» **TASK PROMPT**
Copy out exactly the lines from the one containing "திருவண்ணாமலை மாவட்டம், அருள்மிகு" to the last line of the records below, both included, and leave out any pictures.
____
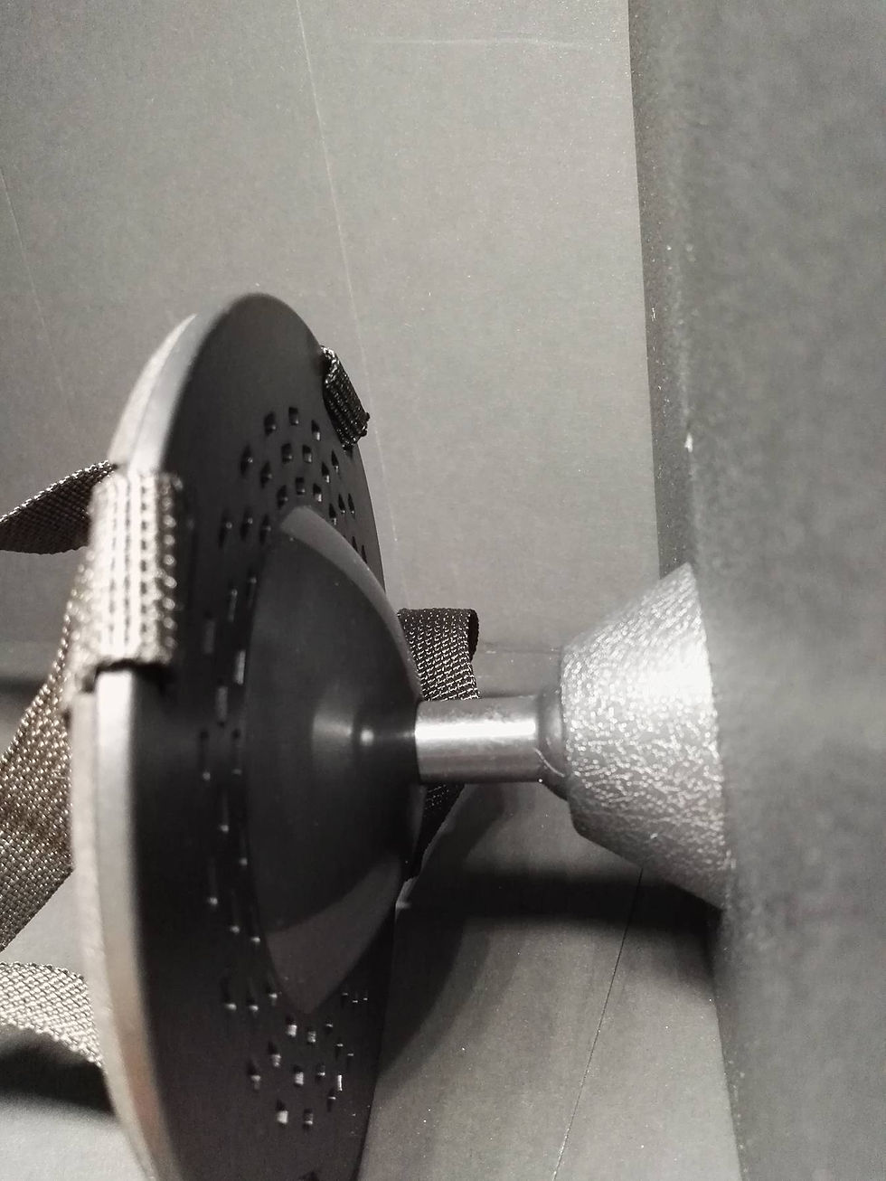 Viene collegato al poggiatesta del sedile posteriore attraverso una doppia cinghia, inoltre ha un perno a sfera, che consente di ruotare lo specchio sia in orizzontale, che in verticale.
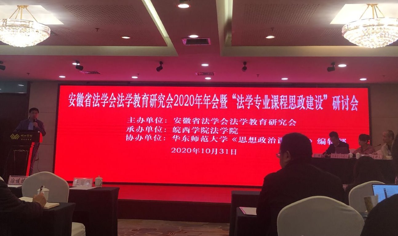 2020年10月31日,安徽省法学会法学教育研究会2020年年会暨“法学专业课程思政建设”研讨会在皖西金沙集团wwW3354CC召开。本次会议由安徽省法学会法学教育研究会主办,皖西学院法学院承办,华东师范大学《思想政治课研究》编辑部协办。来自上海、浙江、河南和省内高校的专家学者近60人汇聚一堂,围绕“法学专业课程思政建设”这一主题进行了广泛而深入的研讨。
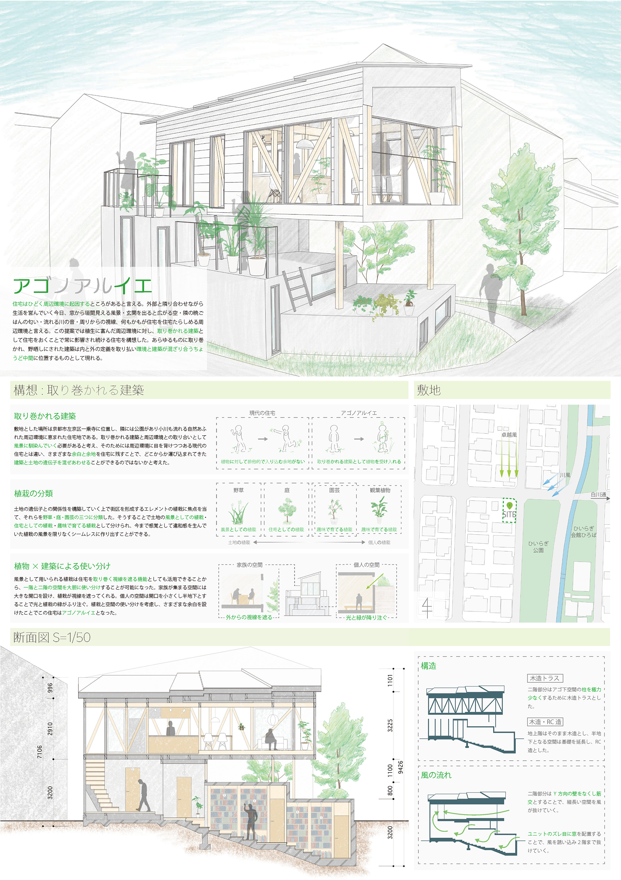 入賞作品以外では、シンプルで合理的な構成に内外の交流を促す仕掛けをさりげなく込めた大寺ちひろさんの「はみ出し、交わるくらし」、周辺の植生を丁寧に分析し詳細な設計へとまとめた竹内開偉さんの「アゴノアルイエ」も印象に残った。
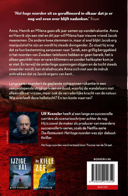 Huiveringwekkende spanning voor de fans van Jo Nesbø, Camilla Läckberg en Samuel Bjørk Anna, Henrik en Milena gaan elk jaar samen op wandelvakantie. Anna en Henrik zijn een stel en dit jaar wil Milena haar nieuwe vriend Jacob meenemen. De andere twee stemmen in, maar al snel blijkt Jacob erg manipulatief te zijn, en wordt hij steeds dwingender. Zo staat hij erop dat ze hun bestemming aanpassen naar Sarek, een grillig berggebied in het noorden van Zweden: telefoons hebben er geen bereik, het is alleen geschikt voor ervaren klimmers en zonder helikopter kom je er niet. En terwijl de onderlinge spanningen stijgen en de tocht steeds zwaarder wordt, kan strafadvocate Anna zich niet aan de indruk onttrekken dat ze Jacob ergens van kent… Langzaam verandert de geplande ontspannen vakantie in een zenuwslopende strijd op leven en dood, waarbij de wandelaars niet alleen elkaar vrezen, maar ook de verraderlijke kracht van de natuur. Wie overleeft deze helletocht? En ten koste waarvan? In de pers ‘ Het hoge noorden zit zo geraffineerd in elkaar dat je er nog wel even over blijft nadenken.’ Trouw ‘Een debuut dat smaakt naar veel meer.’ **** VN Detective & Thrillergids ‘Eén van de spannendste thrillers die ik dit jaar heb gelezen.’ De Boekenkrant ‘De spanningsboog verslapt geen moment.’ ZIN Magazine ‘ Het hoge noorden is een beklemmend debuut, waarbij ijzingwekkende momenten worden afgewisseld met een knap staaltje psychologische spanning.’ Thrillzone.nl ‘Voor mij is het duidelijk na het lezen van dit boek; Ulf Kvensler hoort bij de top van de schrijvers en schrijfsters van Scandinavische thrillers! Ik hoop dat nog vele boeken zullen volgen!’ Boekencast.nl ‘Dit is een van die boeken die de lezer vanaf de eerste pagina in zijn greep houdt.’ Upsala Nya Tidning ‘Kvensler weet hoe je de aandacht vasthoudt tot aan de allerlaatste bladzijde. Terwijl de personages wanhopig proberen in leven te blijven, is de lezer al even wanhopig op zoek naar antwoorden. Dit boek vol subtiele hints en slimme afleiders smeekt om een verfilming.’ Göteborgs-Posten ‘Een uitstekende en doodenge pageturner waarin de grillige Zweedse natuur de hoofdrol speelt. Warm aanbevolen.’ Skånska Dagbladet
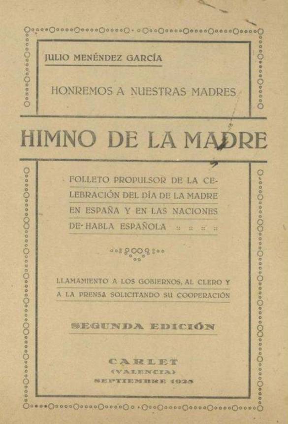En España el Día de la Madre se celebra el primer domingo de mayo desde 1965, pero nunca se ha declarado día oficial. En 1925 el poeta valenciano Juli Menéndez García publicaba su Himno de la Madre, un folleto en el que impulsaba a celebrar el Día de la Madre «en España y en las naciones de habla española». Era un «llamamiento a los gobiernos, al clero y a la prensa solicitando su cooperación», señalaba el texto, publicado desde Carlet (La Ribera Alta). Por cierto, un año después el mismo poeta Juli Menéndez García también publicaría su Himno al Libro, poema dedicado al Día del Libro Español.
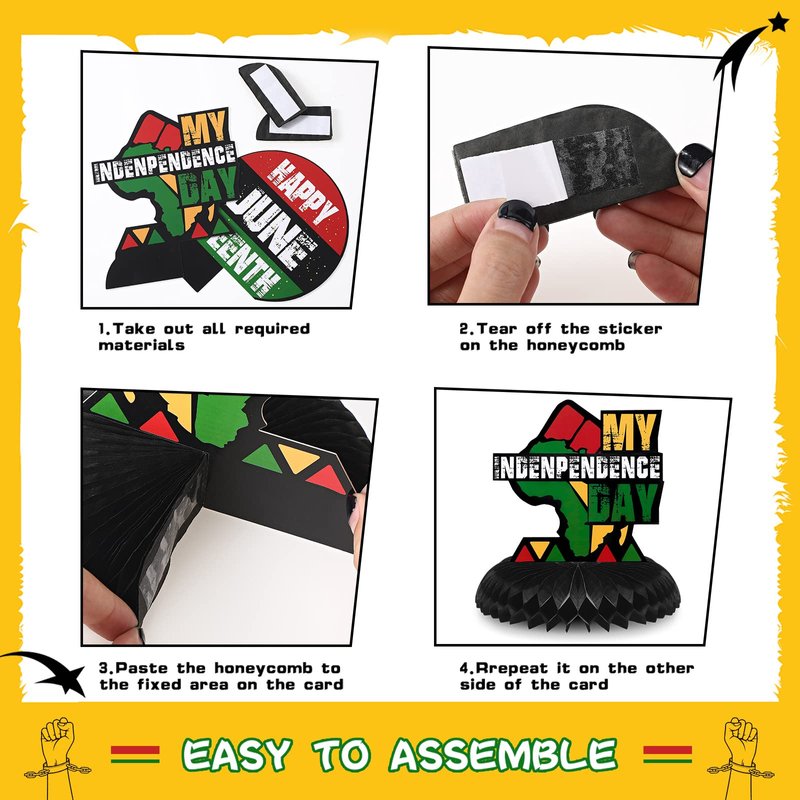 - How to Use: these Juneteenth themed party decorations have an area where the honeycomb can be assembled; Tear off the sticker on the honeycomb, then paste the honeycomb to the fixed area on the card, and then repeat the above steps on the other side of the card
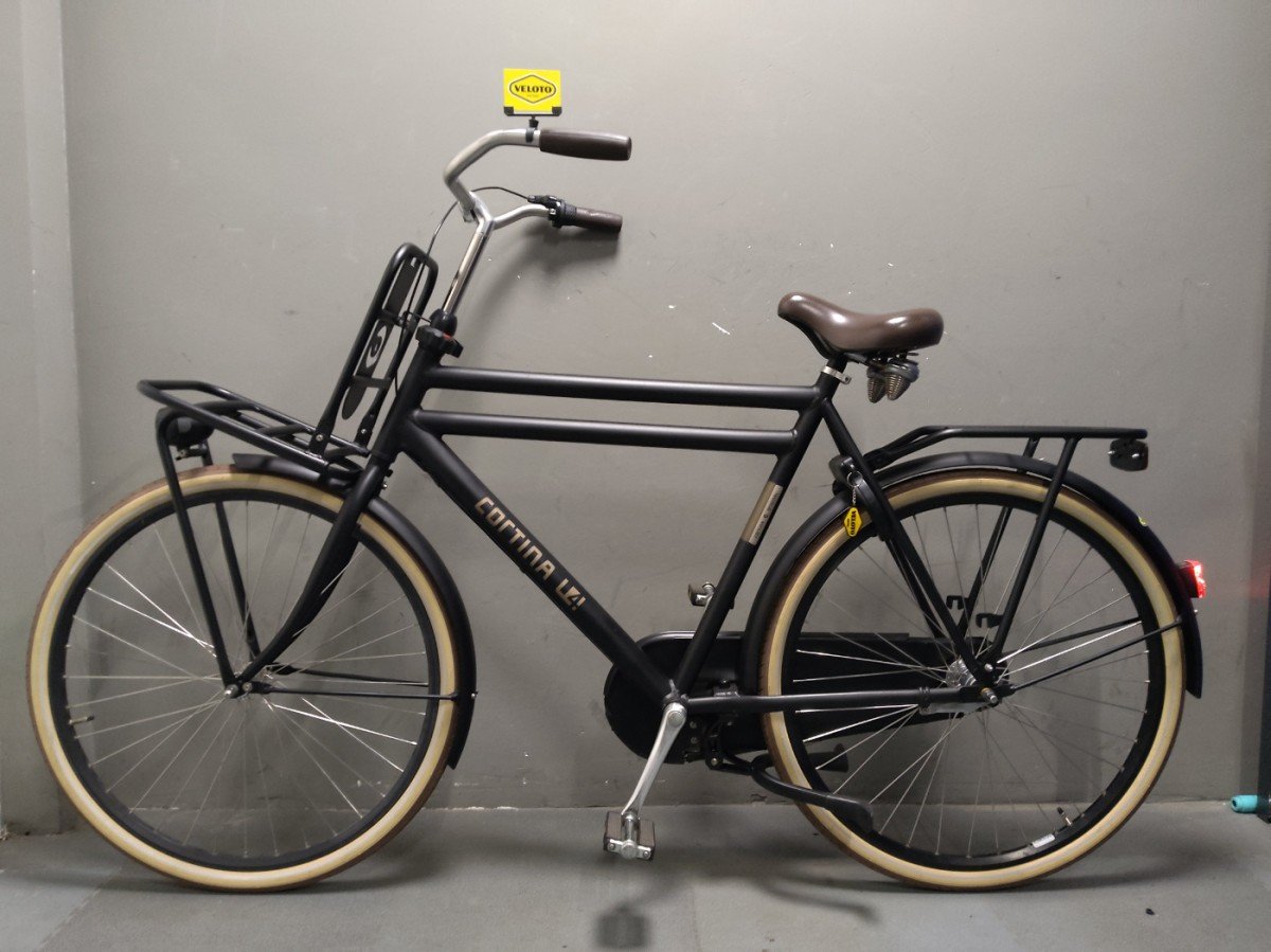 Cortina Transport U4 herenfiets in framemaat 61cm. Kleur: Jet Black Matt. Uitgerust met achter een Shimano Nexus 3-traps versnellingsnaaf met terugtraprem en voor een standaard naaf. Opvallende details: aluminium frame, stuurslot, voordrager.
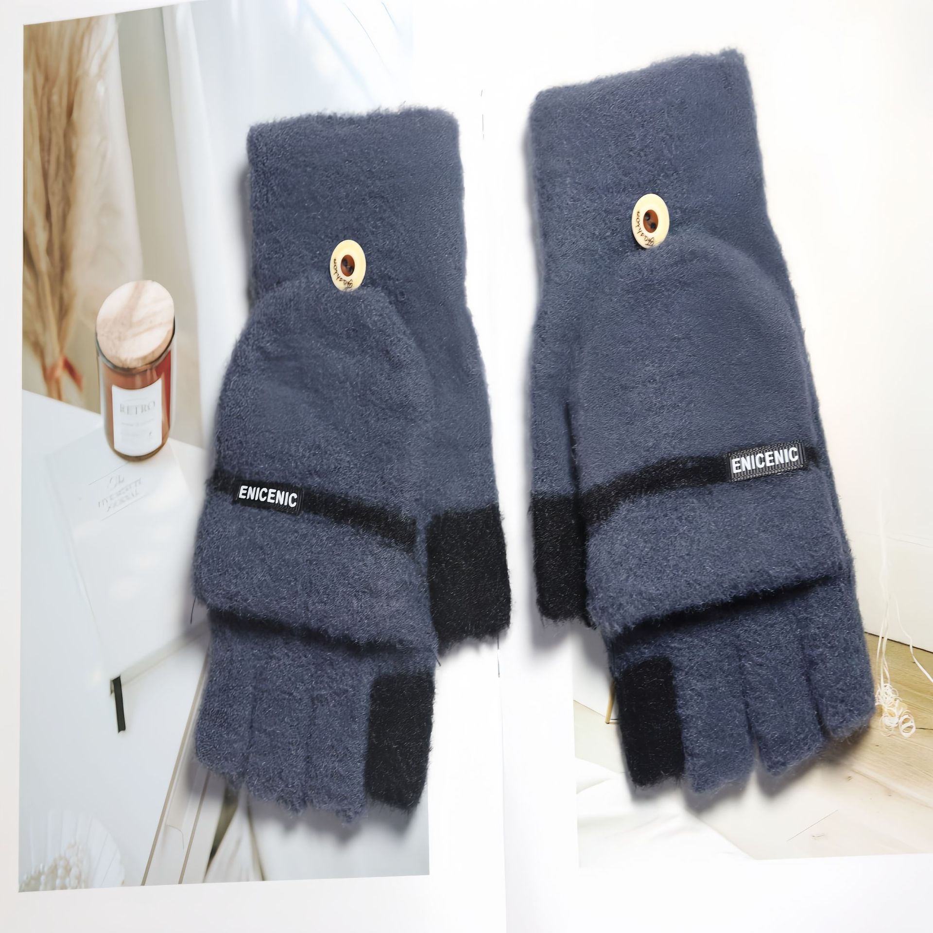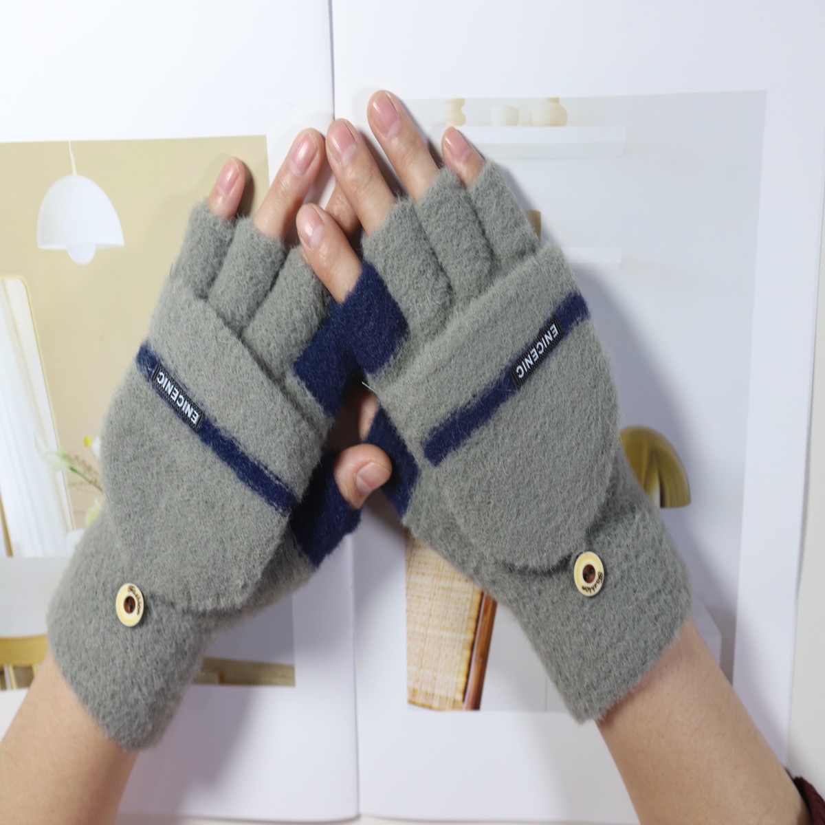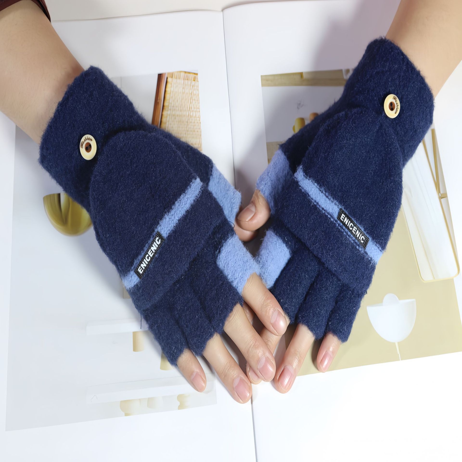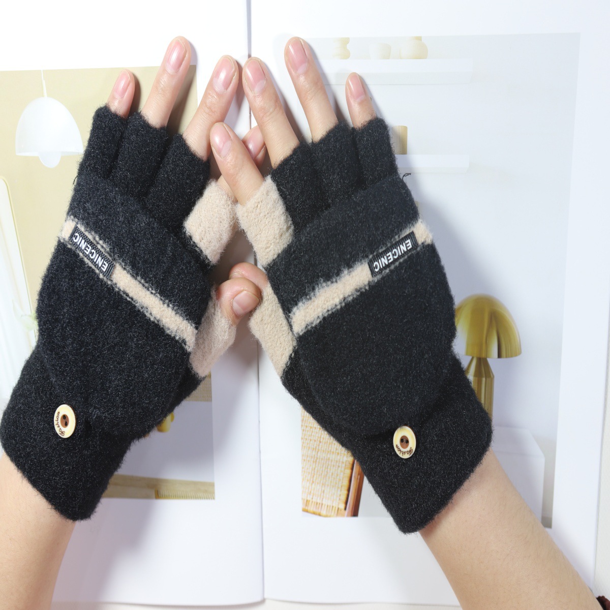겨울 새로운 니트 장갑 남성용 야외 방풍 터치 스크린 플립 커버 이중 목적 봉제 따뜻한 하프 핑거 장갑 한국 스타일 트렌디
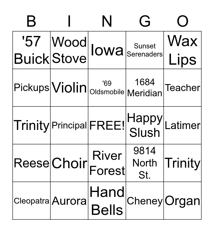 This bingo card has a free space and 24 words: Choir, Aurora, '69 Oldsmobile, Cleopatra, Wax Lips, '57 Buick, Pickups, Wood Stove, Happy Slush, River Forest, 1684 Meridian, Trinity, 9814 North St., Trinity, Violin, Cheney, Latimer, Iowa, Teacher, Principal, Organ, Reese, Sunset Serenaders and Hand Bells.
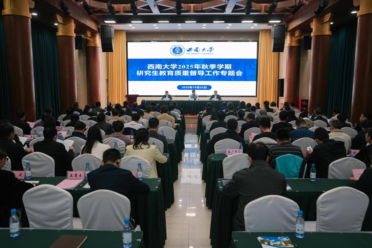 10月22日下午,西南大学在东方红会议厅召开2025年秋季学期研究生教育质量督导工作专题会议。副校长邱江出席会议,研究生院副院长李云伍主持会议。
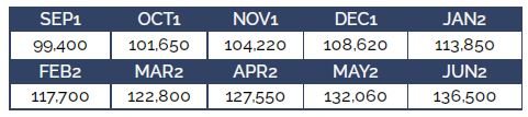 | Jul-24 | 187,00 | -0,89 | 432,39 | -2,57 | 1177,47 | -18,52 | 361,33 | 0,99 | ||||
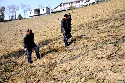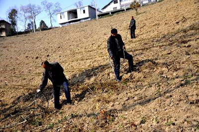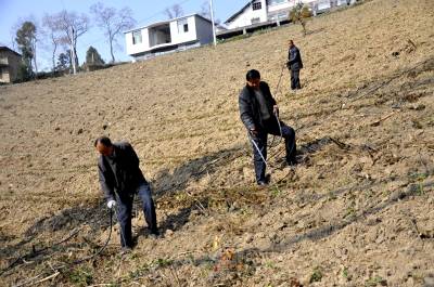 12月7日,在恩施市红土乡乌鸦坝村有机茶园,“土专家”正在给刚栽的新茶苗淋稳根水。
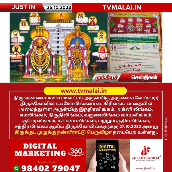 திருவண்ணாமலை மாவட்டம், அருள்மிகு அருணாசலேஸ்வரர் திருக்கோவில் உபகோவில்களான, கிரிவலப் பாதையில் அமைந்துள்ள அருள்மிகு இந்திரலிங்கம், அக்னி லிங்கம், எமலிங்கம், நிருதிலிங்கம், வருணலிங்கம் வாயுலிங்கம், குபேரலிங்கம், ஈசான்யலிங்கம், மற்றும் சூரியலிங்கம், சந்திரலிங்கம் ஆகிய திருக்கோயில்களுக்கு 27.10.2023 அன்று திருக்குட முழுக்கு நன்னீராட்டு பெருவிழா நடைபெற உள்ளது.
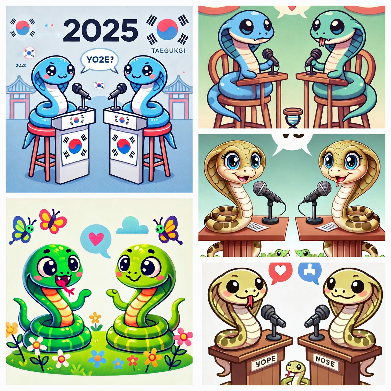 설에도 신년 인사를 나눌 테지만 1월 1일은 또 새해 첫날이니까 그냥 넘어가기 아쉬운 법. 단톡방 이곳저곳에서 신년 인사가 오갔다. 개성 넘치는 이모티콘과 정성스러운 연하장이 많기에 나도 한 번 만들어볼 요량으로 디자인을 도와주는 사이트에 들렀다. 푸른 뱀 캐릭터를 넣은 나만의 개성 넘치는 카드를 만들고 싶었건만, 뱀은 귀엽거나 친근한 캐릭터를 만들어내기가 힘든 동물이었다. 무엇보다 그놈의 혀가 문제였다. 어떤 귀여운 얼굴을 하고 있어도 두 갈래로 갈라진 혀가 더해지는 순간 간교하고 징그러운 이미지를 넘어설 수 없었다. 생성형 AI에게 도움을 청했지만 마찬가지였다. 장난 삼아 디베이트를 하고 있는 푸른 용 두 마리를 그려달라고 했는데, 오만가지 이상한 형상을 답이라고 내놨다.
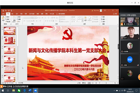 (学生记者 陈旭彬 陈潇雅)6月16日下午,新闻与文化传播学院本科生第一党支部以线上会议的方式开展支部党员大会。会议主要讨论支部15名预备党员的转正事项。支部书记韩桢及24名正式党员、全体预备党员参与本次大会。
____
» **EXERCISE RESPONSE**
 திருவண்ணாமலை மாவட்டம், அருள்மிகு அருணாசலேஸ்வரர் திருக்கோவில் உபகோவில்களான, கிரிவலப் பாதையில் அமைந்துள்ள அருள்மிகு இந்திரலிங்கம், அக்னி லிங்கம், எமலிங்கம், நிருதிலிங்கம், வருணலிங்கம் வாயுலிங்கம், குபேரலிங்கம், ஈசான்யலிங்கம், மற்றும் சூரியலிங்கம், சந்திரலிங்கம் ஆகிய திருக்கோயில்களுக்கு 27.10.2023 அன்று திருக்குட முழுக்கு நன்னீராட்டு பெருவிழா நடைபெற உள்ளது.
 설에도 신년 인사를 나눌 테지만 1월 1일은 또 새해 첫날이니까 그냥 넘어가기 아쉬운 법. 단톡방 이곳저곳에서 신년 인사가 오갔다. 개성 넘치는 이모티콘과 정성스러운 연하장이 많기에 나도 한 번 만들어볼 요량으로 디자인을 도와주는 사이트에 들렀다. 푸른 뱀 캐릭터를 넣은 나만의 개성 넘치는 카드를 만들고 싶었건만, 뱀은 귀엽거나 친근한 캐릭터를 만들어내기가 힘든 동물이었다. 무엇보다 그놈의 혀가 문제였다. 어떤 귀여운 얼굴을 하고 있어도 두 갈래로 갈라진 혀가 더해지는 순간 간교하고 징그러운 이미지를 넘어설 수 없었다. 생성형 AI에게 도움을 청했지만 마찬가지였다. 장난 삼아 디베이트를 하고 있는 푸른 용 두 마리를 그려달라고 했는데, 오만가지 이상한 형상을 답이라고 내놨다.
 (学生记者 陈旭彬 陈潇雅)6月16日下午,新闻与文化传播学院本科生第一党支部以线上会议的方式开展支部党员大会。会议主要讨论支部15名预备党员的转正事项。支部书记韩桢及24名正式党员、全体预备党员参与本次大会。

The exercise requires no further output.